» Your instructions: Drop all pictures and repeat exactly the lines from the line holding "Ортодонт-центр по адресу" through the end of the records.
Segment Start: Data records
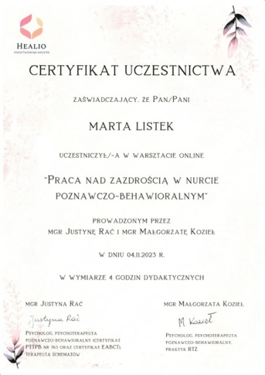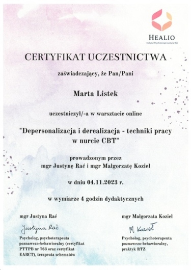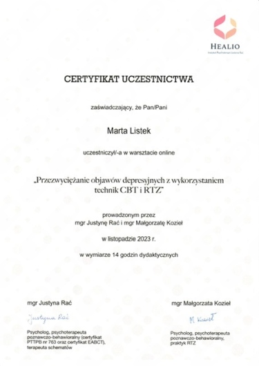 Stale podnoszę swoje kwalifikacje, uczestnicząc w szkoleniach, wykładach i konferencjach naukowych. Jestem członkiem Polskiego Towarzystwa Terapii Poznawczej i Behawioralnej. Pracuję zgodnie z Kodeksem Etycznym Psychologa, zachowuję pełną tajemnicę zawodową, a swoją pracę poddaję regularnej superwizji indywidualnej i grupowej.
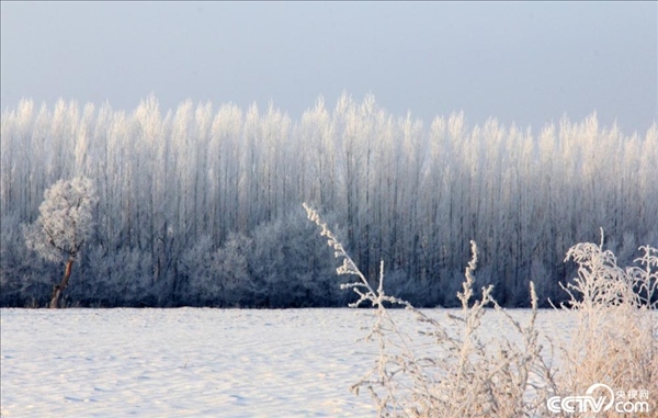 2024年1月31日,新疆塔城,裕民縣出現(xiàn)大面積霧凇景觀,樹(shù)木銀裝素裹,玉樹(shù)瓊枝,景色迷人。
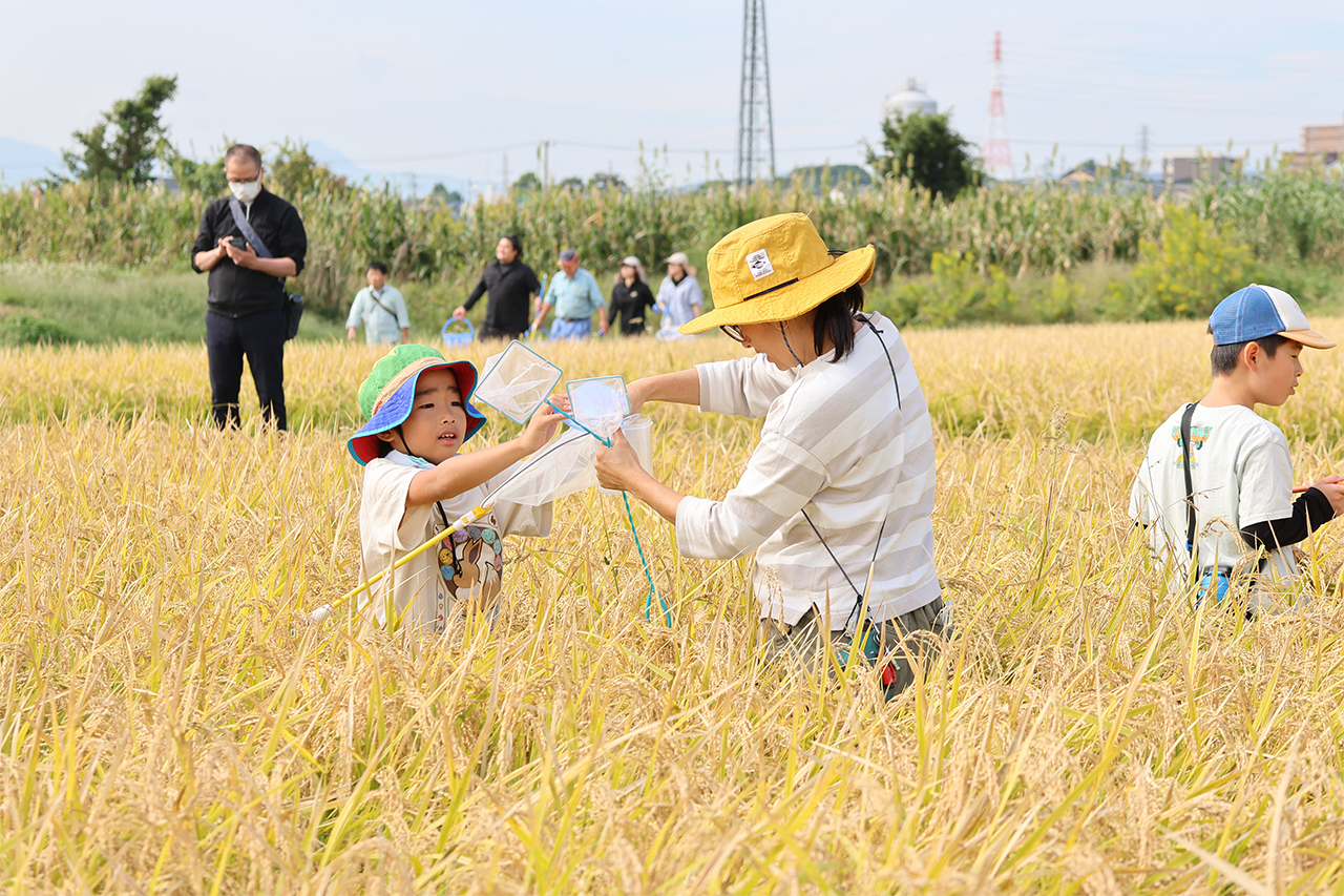 「秋の稲刈りシーズンにも行い、このときは赤トンボやバッタを捕まえます」
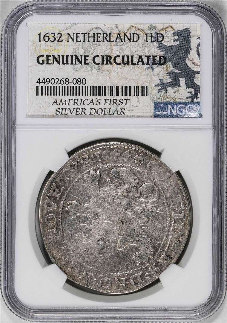 One 1632 Netherland Dutch Lion Daalder Silver Coin NGC Genuine Circulated. NGC Certified.
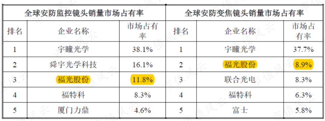 2017年,福光股份在全球安防视频监控镜头领域的市占率为11.8%,全球排名第三,其中,变焦镜头的市占率约为8.9%,全球排名第二。
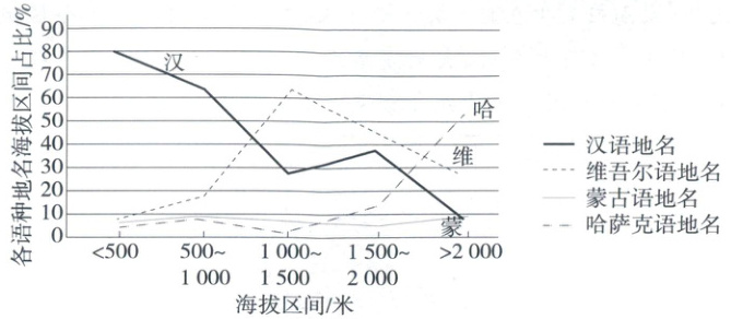 (2024山东德州期末 学科融合)新疆多语种地名的空间分布格局是新疆各民族人民长期聚居和杂居融合的映射,其形成与海拔、坡度以及当地生产方式密切相关。下图为新疆各语种地名海拔区间占比统计图,其中汉语地名数量最多,占总数的43.82%。据此完成6—8题。
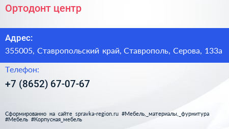 Ортодонт-центр по адресу 355005, Ставропольский край, Ставрополь, Серова, 133а в дальнейшем Организация, размещена в следующих категориях:
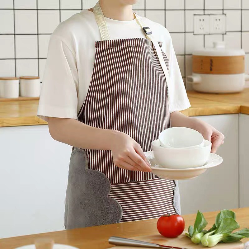 - Kích thước tạp dề lớn ôm hết cơ thể giúp bảo vệ bạn sạch sẽ 100% khi nấu nướng
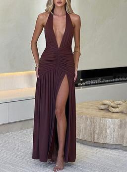 Sjöstjärna Trumpet Party Klänningar Elegant Klänning Bröllop Bröllopsgäst Golvlång Ärmlös Halter Neck Imiterad Silkig Rygglös med Slits
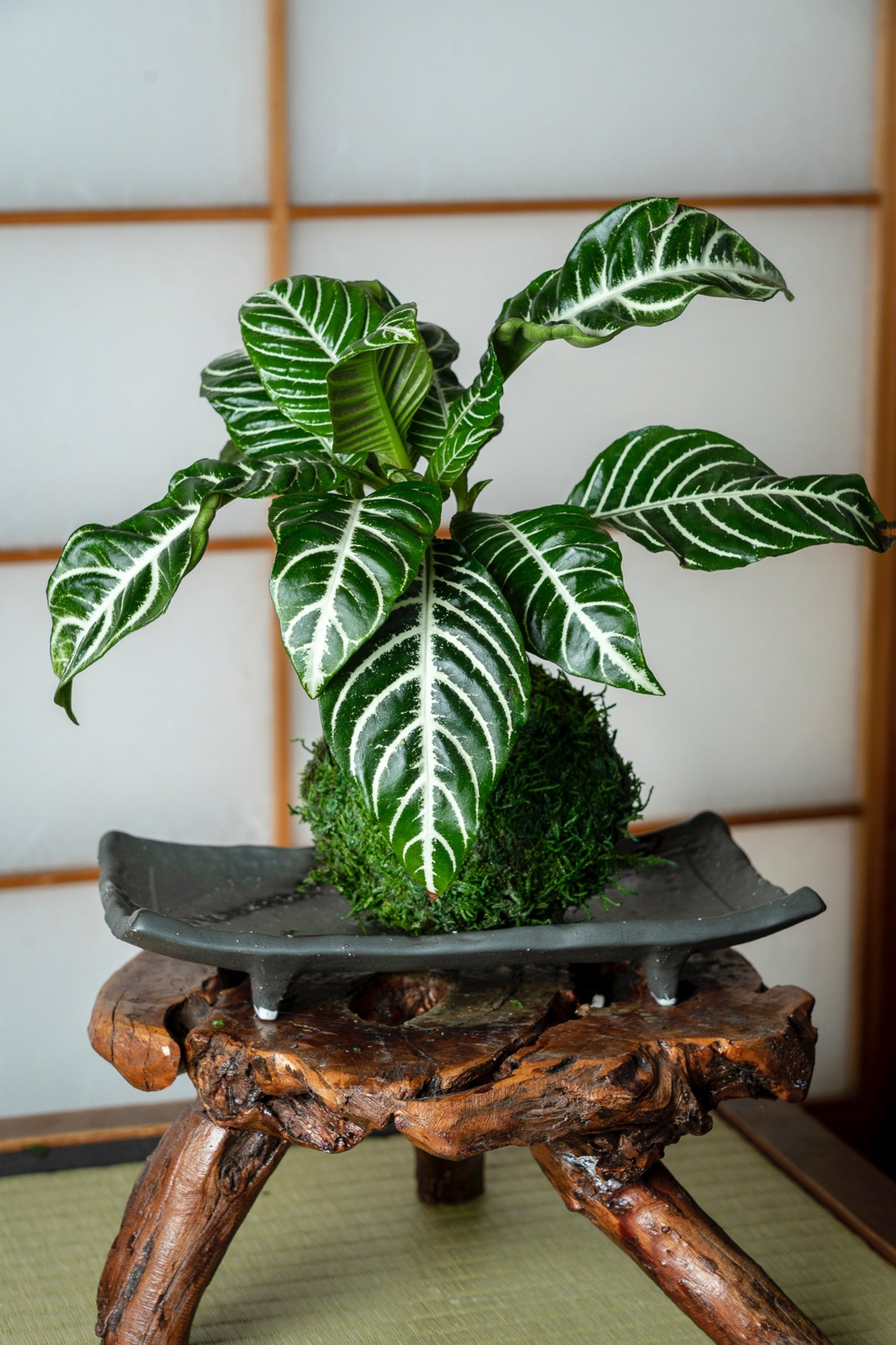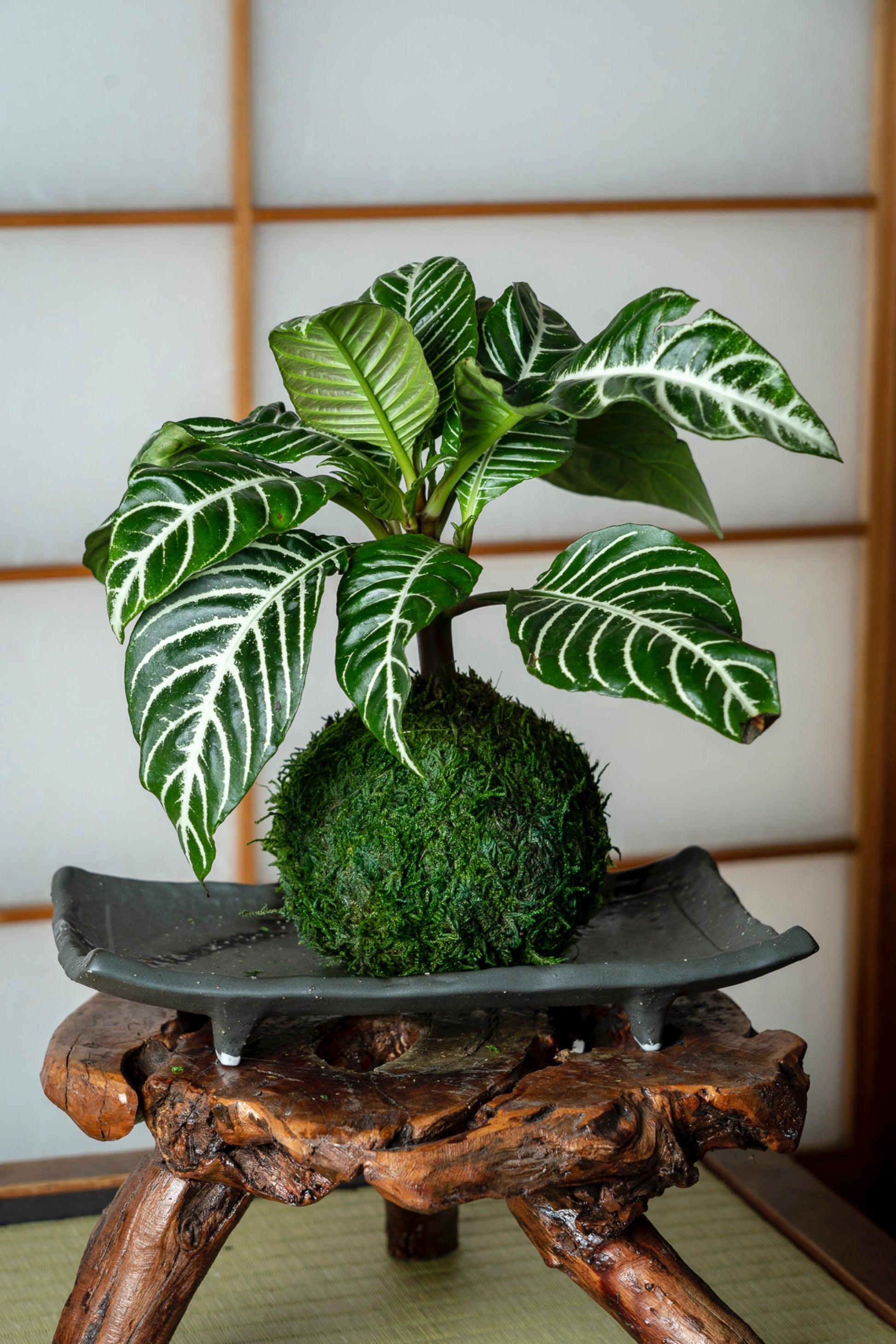 Zebra plant kokedama, mossball, Japanese traditional indoor garden technique.
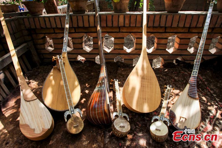 Musical instruments made by Rahman Abduh in his home at Tuwankewukushake village in Shufu county, Northwest China's Xinjiang Uyghur autonomous region. [Photo/China News Service]
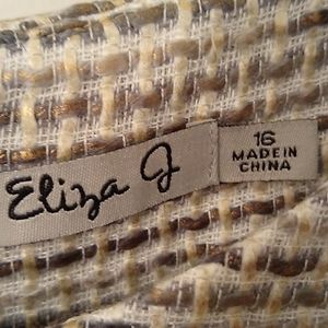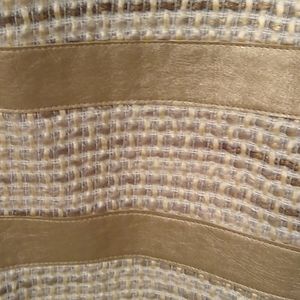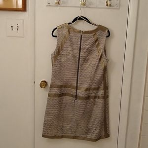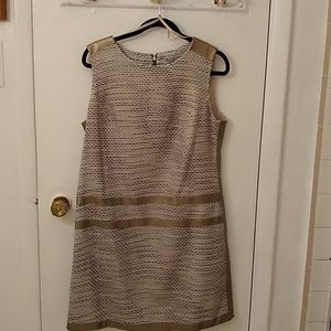 Tweed dress with taupe faux leather detailing along shoulders hem back and sides
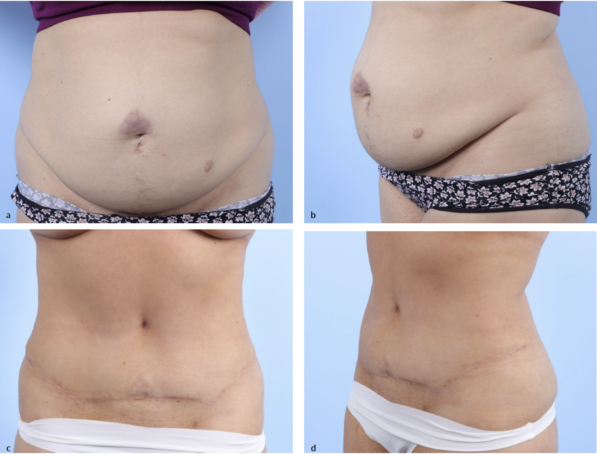 Pre (a, b) and postoperative (c, d) clinical photographs of 38-year-old female after abdominoplasty with mesh suture plication (Fig. 1) and extraction site hernia repair with low transverse skin incision
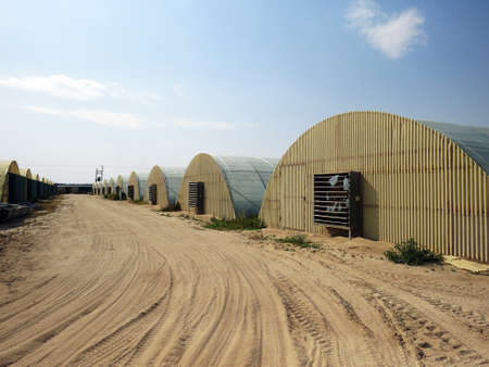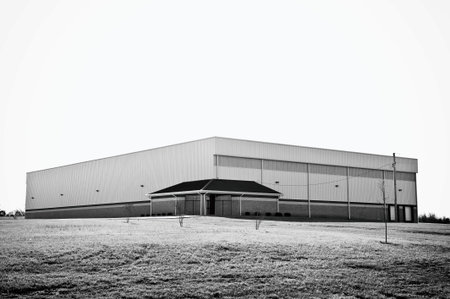 Modern new company warehouse building, farm buildings by the field, outdoors theme concept vintage relaxing.
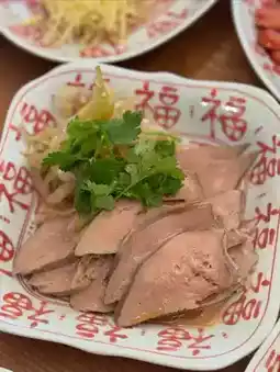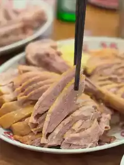 The moment it arrives, you can smell the caramel smoke aroma! The goose skin shines with an amber gloss, and the chef’s knife skills are superb—slices of skin are thin enough to be translucent, but the meat layer is thick😍 Biting into it, you first feel the crispy sugar-smoked skin, then the goose fat "sizzles" out, the meat is tender and smooth with a slight bounce! The biggest surprise is that the smoky aroma seeps into the bone crevices, paired with the shop’s secret spicy chili sauce (🌶️ mildly spicy and pungent), making it hard to stop eating!
Segment End: Data records
» Response:
 Ортодонт-центр по адресу 355005, Ставропольский край, Ставрополь, Серова, 133а в дальнейшем Организация, размещена в следующих категориях:
 - Kích thước tạp dề lớn ôm hết cơ thể giúp bảo vệ bạn sạch sẽ 100% khi nấu nướng
 Sjöstjärna Trumpet Party Klänningar Elegant Klänning Bröllop Bröllopsgäst Golvlång Ärmlös Halter Neck Imiterad Silkig Rygglös med Slits
 Zebra plant kokedama, mossball, Japanese traditional indoor garden technique.
 Musical instruments made by Rahman Abduh in his home at Tuwankewukushake village in Shufu county, Northwest China's Xinjiang Uyghur autonomous region. [Photo/China News Service]
 Tweed dress with taupe faux leather detailing along shoulders hem back and sides
 Pre (a, b) and postoperative (c, d) clinical photographs of 38-year-old female after abdominoplasty with mesh suture plication (Fig. 1) and extraction site hernia repair with low transverse skin incision
 Modern new company warehouse building, farm buildings by the field, outdoors theme concept vintage relaxing.
 The moment it arrives, you can smell the caramel smoke aroma! The goose skin shines with an amber gloss, and the chef’s knife skills are superb—slices of skin are thin enough to be translucent, but the meat layer is thick😍 Biting into it, you first feel the crispy sugar-smoked skin, then the goose fat "sizzles" out, the meat is tender and smooth with a slight bounce! The biggest surprise is that the smoky aroma seeps into the bone crevices, paired with the shop’s secret spicy chili sauce (🌶️ mildly spicy and pungent), making it hard to stop eating!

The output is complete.